Der Prozesstag endete mit der als wiederholte Einschüchterung
der Angeklagten zu verstehenden Behauptung, die Angeklagten Sabine
E. und Matthias B. kämen als Rädelsführer der Revolutionären
Zellen (RZ) in Betracht.
"Wir hätten gern etwas über das Leben von
Herrn H[...] erfahren"
Der unvereidigt entlassene Zeuge, BKA- Mann van Elkan, gab den
schulischen und beruflichen Werdegang des Angeklagten Axel H. wieder.

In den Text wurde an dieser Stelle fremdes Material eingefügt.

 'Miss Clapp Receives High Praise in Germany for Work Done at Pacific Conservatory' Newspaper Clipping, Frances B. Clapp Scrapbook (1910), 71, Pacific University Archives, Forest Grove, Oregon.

Grund- und Oberschulzeiten, Abitur sowie Biologie- und Politologiestudium
kamen dabei ebenso zur Sprache wie die Tätigkeit im Kneipenkollektiv
"Spektrum", die Beschäftigung im Weinhandel und dann als Hausmeister
im MehringHof. Zum von der Vorsitzenden Richterin als "Umfeld" bezeichneten
Freundeskreis konnte van Elkan keine Angaben machen, wusste jedoch
zu berichten, das Axel H. den im Oktober 1988 aus der Haft entlassenen
Harry Stürmer (Bewegung 2. Juni) von der Justizvollzugsanstalt,
also aus dem Knast, abgeholt habe. Auch Familien- und die finanziellen
Verhältnisse kamen zur Sprache.
Ein zweiter Vernehmungsgegenstand betraf die Durchsuchung des Dachbodens
im Wohnhaus des Angeklagten Matthias B. Dort habe er, van Elkan,
Zeitschriften gefunden, unter denen sich auch das Magazin "interim"
befunden habe. Nachdem bereits in der vergangenen Woche von der
Verteidigung bemängelt wurde, dass das Aufzählen diverser
Zeitschriften keinen Sinn mache, verzichtete die Vorsitzende Richterin
auf einen erneuten Ritt durch den bundesrepublikanischen Blätterwald.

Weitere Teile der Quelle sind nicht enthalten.